*Dataset content*
---*---

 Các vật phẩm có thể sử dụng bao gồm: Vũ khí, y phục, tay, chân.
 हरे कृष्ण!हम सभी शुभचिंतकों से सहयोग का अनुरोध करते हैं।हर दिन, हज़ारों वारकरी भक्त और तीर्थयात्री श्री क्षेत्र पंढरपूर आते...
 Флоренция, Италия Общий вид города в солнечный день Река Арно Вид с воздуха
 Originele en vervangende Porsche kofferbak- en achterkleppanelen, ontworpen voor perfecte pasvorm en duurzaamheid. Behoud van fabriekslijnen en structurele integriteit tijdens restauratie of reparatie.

---*---

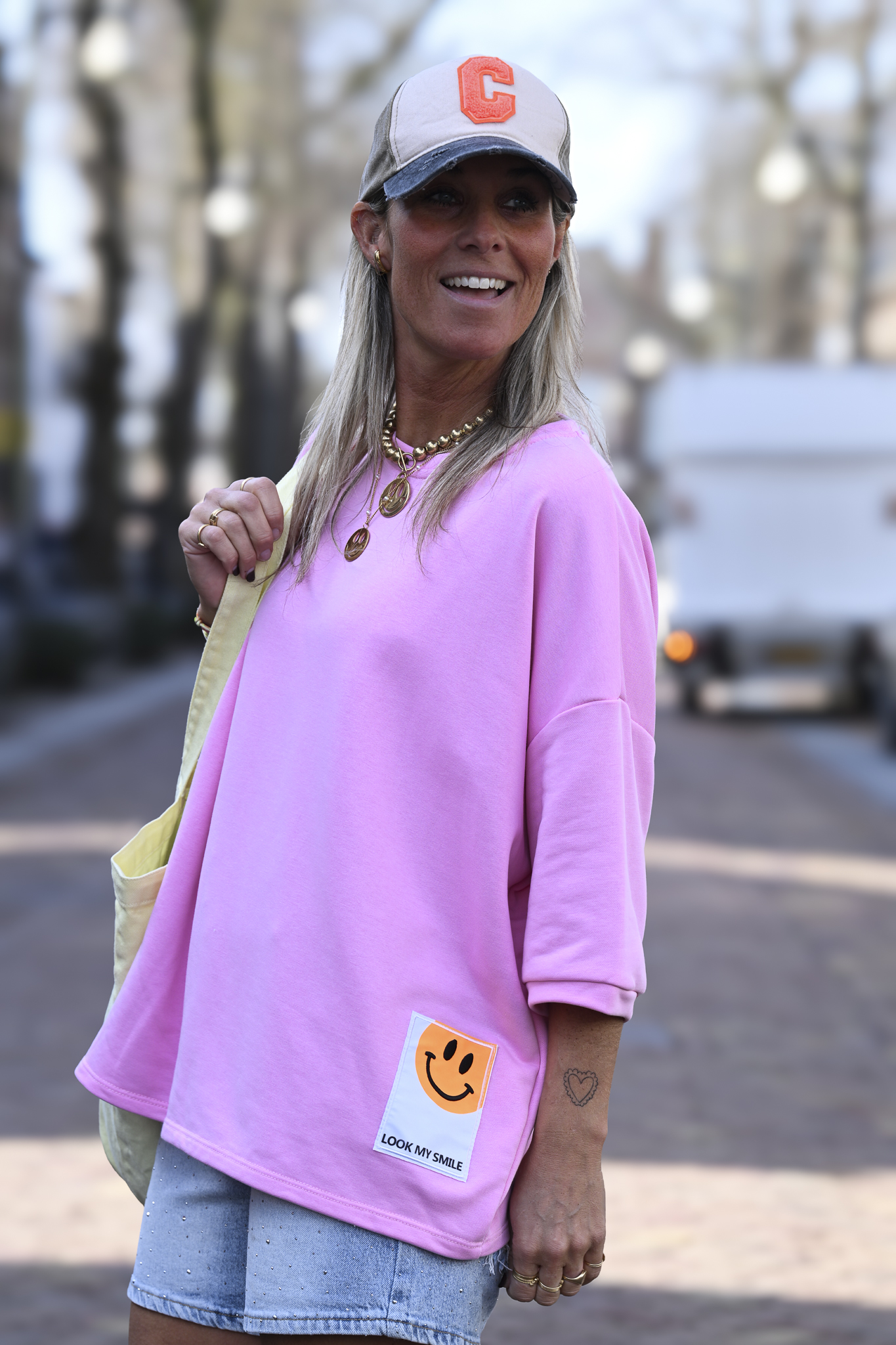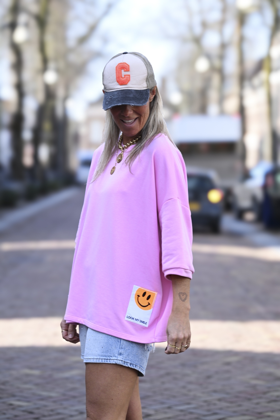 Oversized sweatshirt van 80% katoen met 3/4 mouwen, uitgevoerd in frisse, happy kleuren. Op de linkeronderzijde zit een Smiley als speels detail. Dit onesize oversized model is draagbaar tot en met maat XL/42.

---*---

*Exercise aim*
Return word for word the lines above from the line with "हरे कृष्ण!हम सभी" to the line with "Originele en vervangende", including both and leaving out all others.

*Your response*
 हरे कृष्ण!हम सभी शुभचिंतकों से सहयोग का अनुरोध करते हैं।हर दिन, हज़ारों वारकरी भक्त और तीर्थयात्री श्री क्षेत्र पंढरपूर आते...
 Флоренция, Италия Общий вид города в солнечный день Река Арно Вид с воздуха
 Originele en vervangende Porsche kofferbak- en achterkleppanelen, ontworpen voor perfecte pasvorm en duurzaamheid. Behoud van fabriekslijnen en structurele integriteit tijdens restauratie of reparatie.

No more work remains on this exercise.